# TASK GOAL:
Set down the data below in full, exactly as it reads, but without the pictures.

# DATA LISTING:
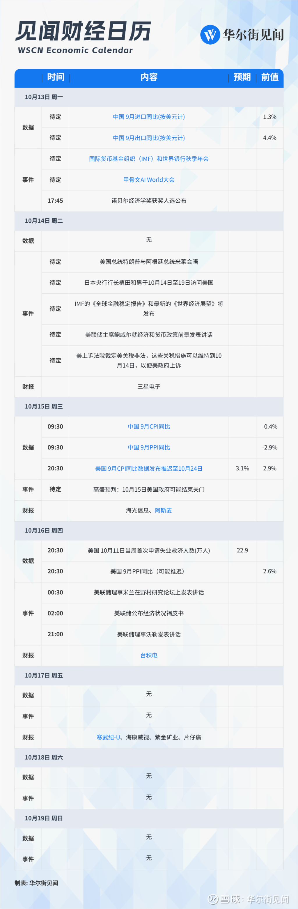 10月13日 - 10月19日当周重磅财经事件一览,以下均为北京时间:
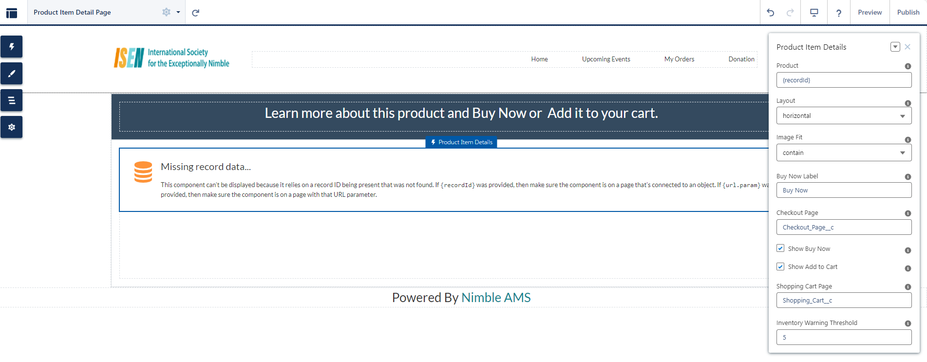 On the page, click on the Product Item Details component to bring up the Property editor.
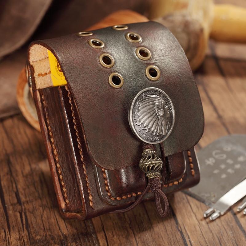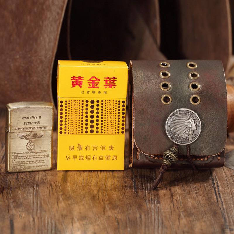 Design: Cool Mens Leather Indian CIGARETTE HOLDER CASE WITH Zippo LIGHTER HOLDER FOR MEN
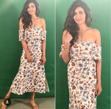 It's a floral hand block printed off shoulder dress in cotton with a ruffle layer detail on the front bodice and side slit.
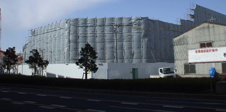 出来ているのが見える。 シネマ棟。 2007年7月28日 北隣にあるこの建物は残り、工事中は一
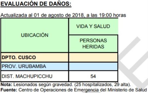 El choque de trenes en la vía férrea Ollantaytambo-Machu Picchu, región Cusco, dejó un total de 54 heridos. De ese número, 25 –en su mayoría extranjeros- permanecen hospitalizados y 29 fueron dados de alta, según la actualización de daños hasta las 19:00 horas de ayer, publicado por el Instituto Nacional de Defensa Civil (Indeci).
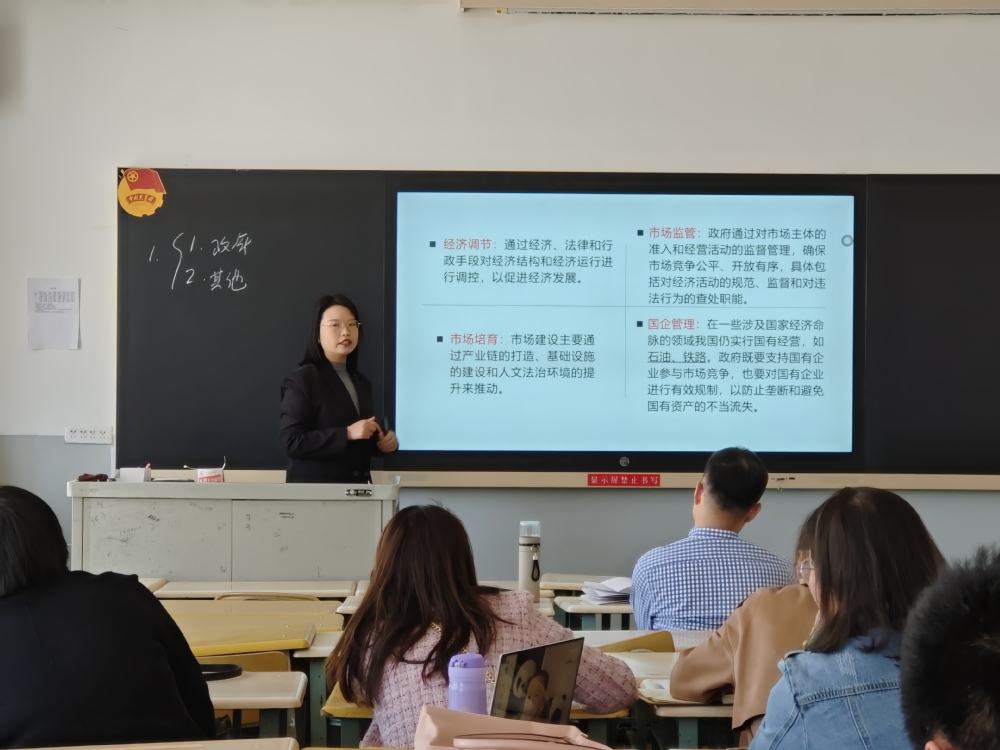 柴宝红老师选择“行政职能”的教学内容进行展示,课程内容主包含行政职能的含义及行政职能的具体内容,即国家安全职能、经济职能、社会职能、文化职能及生态环境保护职能。教学环节包括前课回顾、新课导入与讲解、课程小结及课后作业布置。在教学展示结束后,教研室各成员分别就教学观摩情况进行交流探讨及点评,大家认为柴老师的教学优点在于教学设计清晰流畅、教学内容充实、课程思政元素融入自然恰当、教学效果较好,下一步需要继续优化板书设计、完善理论前沿问题的扩展深度等内容。工商管理学院教学院长徐燕、土木工程学院院长助理刘少东、会计学院石彩艳老师分别就此次观摩活动进行了评价。
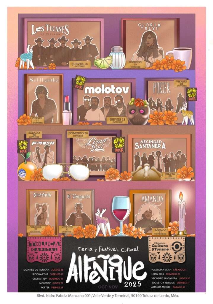 La edición número 56 de la Feria y Festival Cultural del Alfeñique se celebrará del 1 de octubre al 5 de noviembre de 2025 en Toluca, Estado de México. Incluye conciertos estelares en la explanada del Mercado Juárez, así como una agenda descentralizada que abarcará mercados, delegaciones, espacios públicos y recorridos culturales.

# SOLUTION TO THE PROBLEM:
 10月13日 - 10月19日当周重磅财经事件一览,以下均为北京时间:
 On the page, click on the Product Item Details component to bring up the Property editor.
 Design: Cool Mens Leather Indian CIGARETTE HOLDER CASE WITH Zippo LIGHTER HOLDER FOR MEN
 It's a floral hand block printed off shoulder dress in cotton with a ruffle layer detail on the front bodice and side slit.
 出来ているのが見える。 シネマ棟。 2007年7月28日 北隣にあるこの建物は残り、工事中は一
 El choque de trenes en la vía férrea Ollantaytambo-Machu Picchu, región Cusco, dejó un total de 54 heridos. De ese número, 25 –en su mayoría extranjeros- permanecen hospitalizados y 29 fueron dados de alta, según la actualización de daños hasta las 19:00 horas de ayer, publicado por el Instituto Nacional de Defensa Civil (Indeci).
 柴宝红老师选择“行政职能”的教学内容进行展示,课程内容主包含行政职能的含义及行政职能的具体内容,即国家安全职能、经济职能、社会职能、文化职能及生态环境保护职能。教学环节包括前课回顾、新课导入与讲解、课程小结及课后作业布置。在教学展示结束后,教研室各成员分别就教学观摩情况进行交流探讨及点评,大家认为柴老师的教学优点在于教学设计清晰流畅、教学内容充实、课程思政元素融入自然恰当、教学效果较好,下一步需要继续优化板书设计、完善理论前沿问题的扩展深度等内容。工商管理学院教学院长徐燕、土木工程学院院长助理刘少东、会计学院石彩艳老师分别就此次观摩活动进行了评价。
 La edición número 56 de la Feria y Festival Cultural del Alfeñique se celebrará del 1 de octubre al 5 de noviembre de 2025 en Toluca, Estado de México. Incluye conciertos estelares en la explanada del Mercado Juárez, así como una agenda descentralizada que abarcará mercados, delegaciones, espacios públicos y recorridos culturales.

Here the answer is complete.